4. Scale reveals claims
Toy-scale tests at N=8 can pass for claims that break at N=32. N=32 can pass for claims that break at N=256. Scale is a specification-tightening tool. Don't stop at the first N where the test passes — push until you find where the claim actually lives.
5. Composition is where architecture hides
Individual primitive tests corroborate primitives. Composition tests validate architectures. The most interesting bugs live in composition — places where the paper's prose chains primitives together implicitly, and the filter reveals that the connection requires an ingredient the prose didn't name. In this experiment, every one of the six structural ingredients came from a composition test, not a primitive test. I don't know why — it's a distribution worth noting.
Try it yourself
The project lives at hegel-as-truth-filter. Clone and run:
cargo test --release
You should see 27 passing tests and 1 ignored (the preserved falsification) in about 63 seconds. Every hypothesis card in hypotheses/ traces to a line range in research.md — the full AI-generated synthesis is in the repo, so you can audit the artifact yourself rather than take the write-up's characterization on trust. The Rust toolchain is pinned in rust-toolchain.toml for reproducibility.
To apply this method to your own research paper:
- Identify claims by line number. Not every sentence — look for theorems, proof sketches, stated results, or proposed systems.
- Classify each claim as A, B, B-stat, C, or D.
- For each, write a one-page hypothesis card with the claim, its source, and its operational property.
- Write the test.

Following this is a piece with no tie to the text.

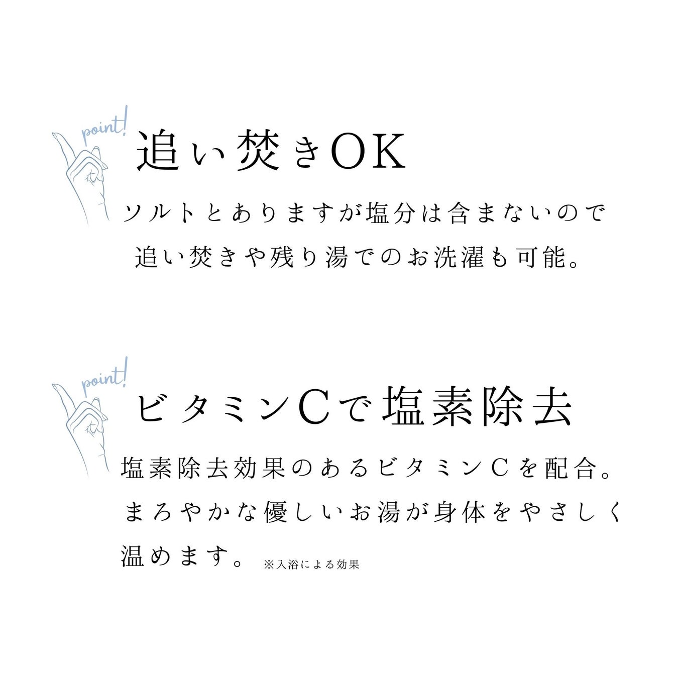 また、アスコルビン酸(ビタミンC)を配合しており、塩素除去効果があるため美肌効果とお湯が柔らかく感じます。

Start small. Let Hegel shrink on failures.
- When a test fails, ask what architectural precondition the claim is missing.
- Scale up. Compose. Integrate.
- When all priorities are covered, you'll have two artifacts: a working substrate of verified primitives, and a list of engineering requirements the paper didn't name.
The process takes days to weeks per artifact, depending on density. It's slower than just implementing. What came out of it for me — this once — was a working substrate of verified primitives plus a short list of small structural ingredients the paper hadn't named. Whether it's worth the cost for any particular case depends on what the case is.
Claim failures are spec failures, not test failures.
Property-based testing is not a new idea. Pointing it at a specification rather than an implementation is not a new idea either — formal methods people have been doing variations of this for decades. The only thing this write-up tries to do is share the experience of trying it on an AI-generated artifact, end to end, at a scale small enough to fit on a laptop, with the results visible.
Hegel was the tool I used. Hypothesis, QuickCheck, proptest, Jepsen, TigerBeetle's DST, Antithesis — all different instantiations of the same basic idea, that a claim should survive a framework's attempt to falsify it. Any of them would have supported the same kind of experiment. I happened to pick Hegel because it's the Rust binding to the Hypothesis server, and I wanted to write the tests in Rust.
If a specification is coherent, the filter corroborates it. If it contains silent assumptions, the filter surfaces them. If it's inconsistent, the filter sometimes finds the contradiction in a minimal form. For this one artifact, it earned its keep. If you try something similar, I'd be curious what you find.